● **WHAT YOU HAVE TO DO**
In the data below, set down exactly the lines from the one containing "[雅安芦山、宝兴未来三天夜间" up to and including the one containing "Webinar : Current". Leave the pictures out.
===== INPUT DATA
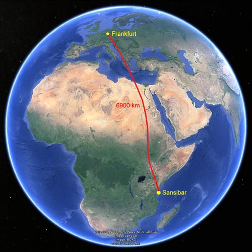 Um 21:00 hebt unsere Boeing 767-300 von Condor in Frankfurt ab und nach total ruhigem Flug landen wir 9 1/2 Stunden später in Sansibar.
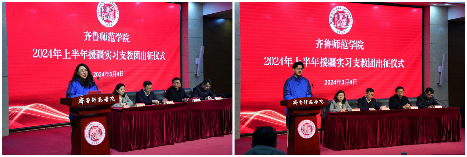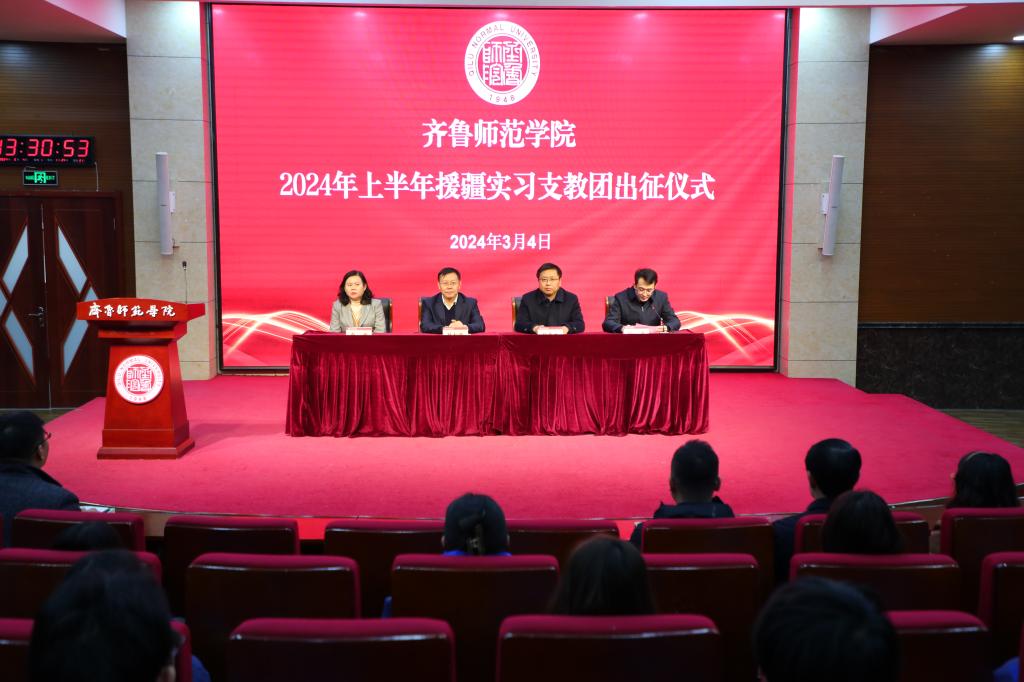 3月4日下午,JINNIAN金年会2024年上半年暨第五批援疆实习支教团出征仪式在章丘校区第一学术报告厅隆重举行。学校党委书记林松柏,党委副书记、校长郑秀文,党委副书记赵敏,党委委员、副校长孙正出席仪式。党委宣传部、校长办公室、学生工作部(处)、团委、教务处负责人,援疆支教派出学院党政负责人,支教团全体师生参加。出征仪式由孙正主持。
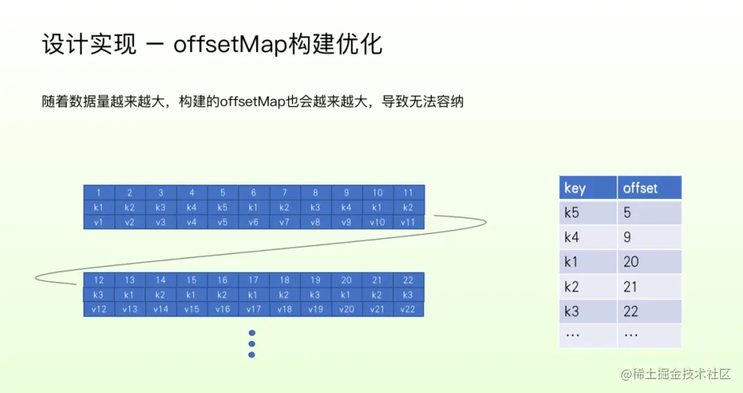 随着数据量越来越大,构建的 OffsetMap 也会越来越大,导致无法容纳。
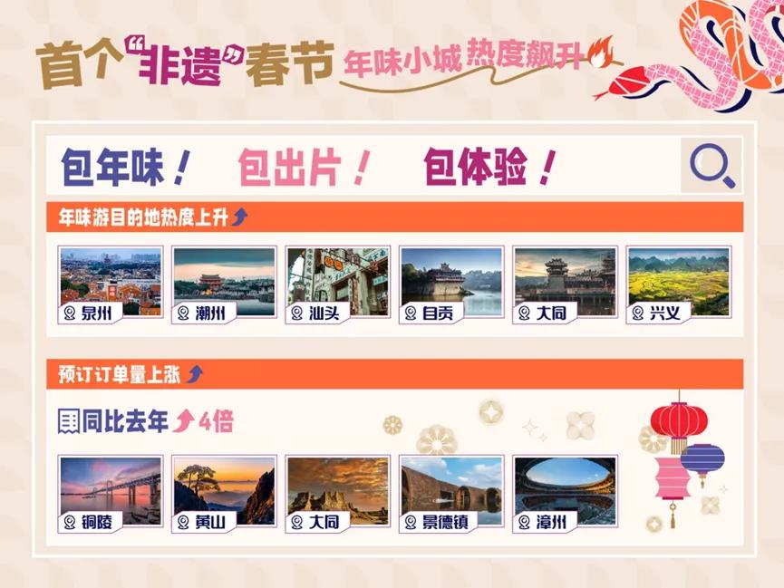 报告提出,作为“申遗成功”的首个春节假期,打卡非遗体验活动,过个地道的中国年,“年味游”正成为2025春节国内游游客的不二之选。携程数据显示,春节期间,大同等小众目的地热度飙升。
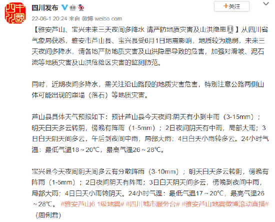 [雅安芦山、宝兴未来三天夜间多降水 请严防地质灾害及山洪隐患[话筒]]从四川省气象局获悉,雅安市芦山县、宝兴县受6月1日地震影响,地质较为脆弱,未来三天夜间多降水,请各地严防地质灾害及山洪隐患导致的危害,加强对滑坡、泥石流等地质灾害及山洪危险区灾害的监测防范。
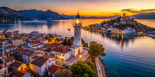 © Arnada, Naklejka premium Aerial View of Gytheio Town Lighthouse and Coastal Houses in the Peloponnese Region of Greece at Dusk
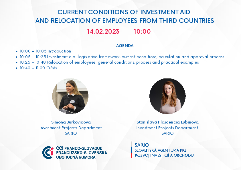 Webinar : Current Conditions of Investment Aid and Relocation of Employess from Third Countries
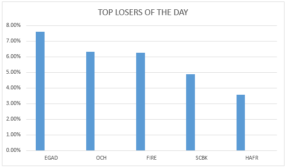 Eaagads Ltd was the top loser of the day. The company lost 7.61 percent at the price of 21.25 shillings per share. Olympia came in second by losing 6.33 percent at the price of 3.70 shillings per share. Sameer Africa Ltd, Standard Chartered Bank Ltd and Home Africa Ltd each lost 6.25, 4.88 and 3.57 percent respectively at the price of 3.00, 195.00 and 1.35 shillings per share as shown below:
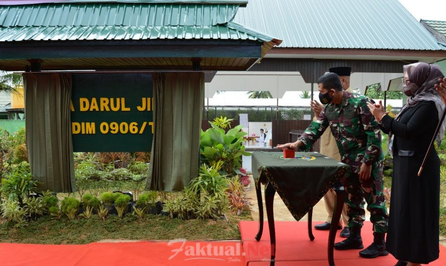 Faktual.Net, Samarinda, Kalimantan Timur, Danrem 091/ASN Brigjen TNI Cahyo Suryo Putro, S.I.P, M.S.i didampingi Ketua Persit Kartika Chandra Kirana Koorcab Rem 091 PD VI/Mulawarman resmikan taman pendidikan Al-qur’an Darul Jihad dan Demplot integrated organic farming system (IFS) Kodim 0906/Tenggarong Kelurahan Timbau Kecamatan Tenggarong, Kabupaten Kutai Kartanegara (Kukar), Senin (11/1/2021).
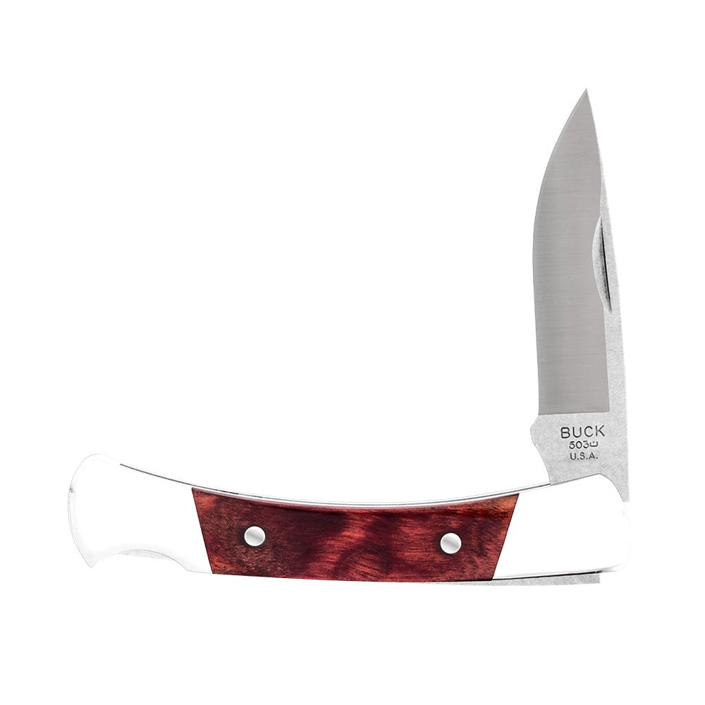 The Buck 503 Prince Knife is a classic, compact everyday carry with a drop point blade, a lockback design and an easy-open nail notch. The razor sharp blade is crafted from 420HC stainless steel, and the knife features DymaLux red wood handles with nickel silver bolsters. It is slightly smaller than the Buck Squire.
==========
===== INPUT DATA
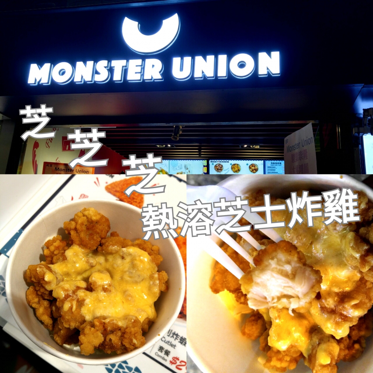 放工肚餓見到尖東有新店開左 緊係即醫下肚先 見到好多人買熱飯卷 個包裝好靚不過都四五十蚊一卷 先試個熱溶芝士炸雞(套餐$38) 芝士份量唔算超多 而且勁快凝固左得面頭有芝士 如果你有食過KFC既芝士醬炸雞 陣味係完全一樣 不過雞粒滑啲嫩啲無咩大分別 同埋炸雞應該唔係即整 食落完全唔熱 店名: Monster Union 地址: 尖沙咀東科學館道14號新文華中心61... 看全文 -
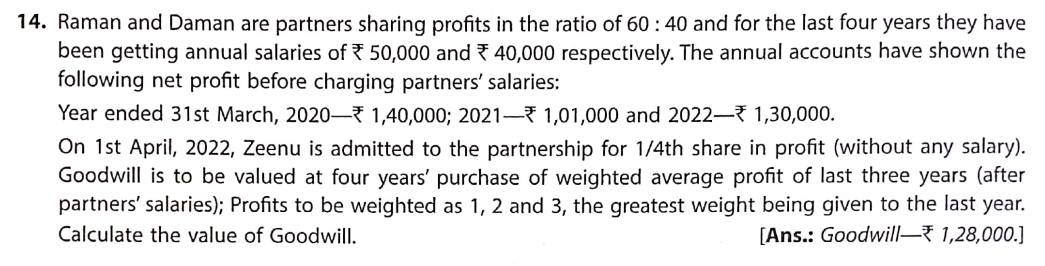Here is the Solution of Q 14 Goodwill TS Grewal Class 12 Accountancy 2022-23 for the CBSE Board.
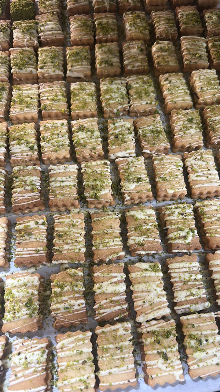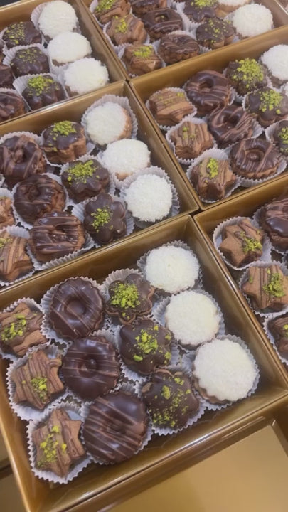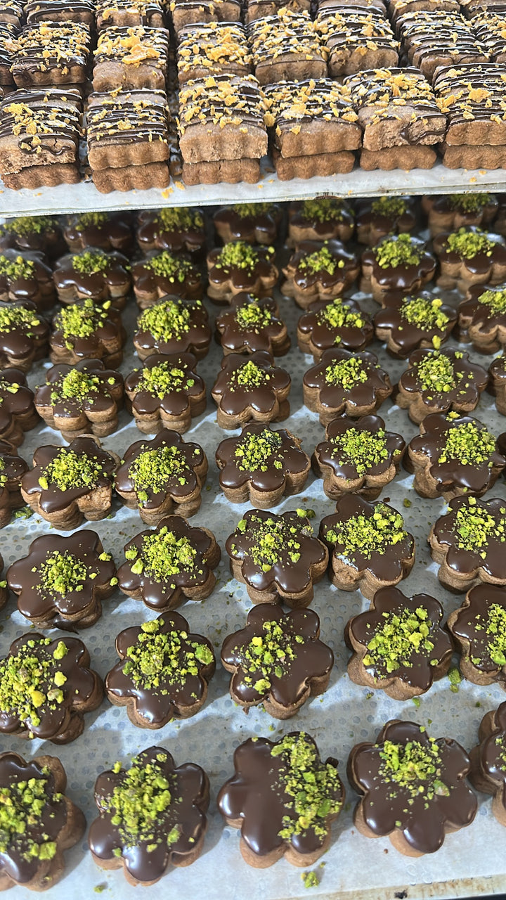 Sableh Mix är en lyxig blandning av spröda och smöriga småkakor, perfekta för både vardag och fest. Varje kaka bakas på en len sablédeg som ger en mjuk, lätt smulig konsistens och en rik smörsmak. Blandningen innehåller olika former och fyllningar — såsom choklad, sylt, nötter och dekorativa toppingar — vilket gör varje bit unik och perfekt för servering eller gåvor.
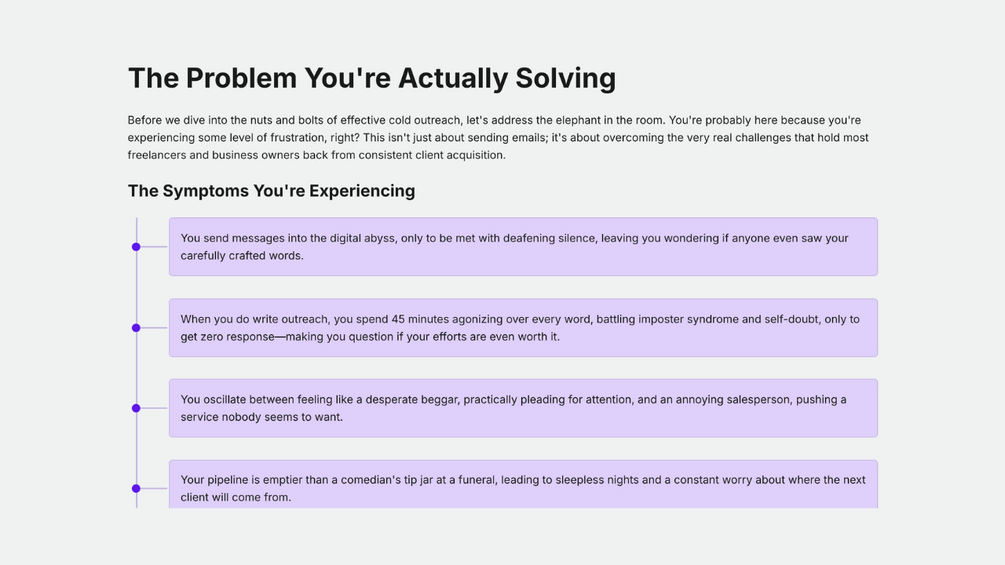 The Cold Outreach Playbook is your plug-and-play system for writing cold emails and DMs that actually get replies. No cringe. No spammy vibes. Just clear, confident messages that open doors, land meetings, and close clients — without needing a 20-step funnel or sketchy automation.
==========
● **SOLVED EXERCISE**
 [雅安芦山、宝兴未来三天夜间多降水 请严防地质灾害及山洪隐患[话筒]]从四川省气象局获悉,雅安市芦山县、宝兴县受6月1日地震影响,地质较为脆弱,未来三天夜间多降水,请各地严防地质灾害及山洪隐患导致的危害,加强对滑坡、泥石流等地质灾害及山洪危险区灾害的监测防范。
 © Arnada, Naklejka premium Aerial View of Gytheio Town Lighthouse and Coastal Houses in the Peloponnese Region of Greece at Dusk
 Webinar : Current Conditions of Investment Aid and Relocation of Employess from Third Countries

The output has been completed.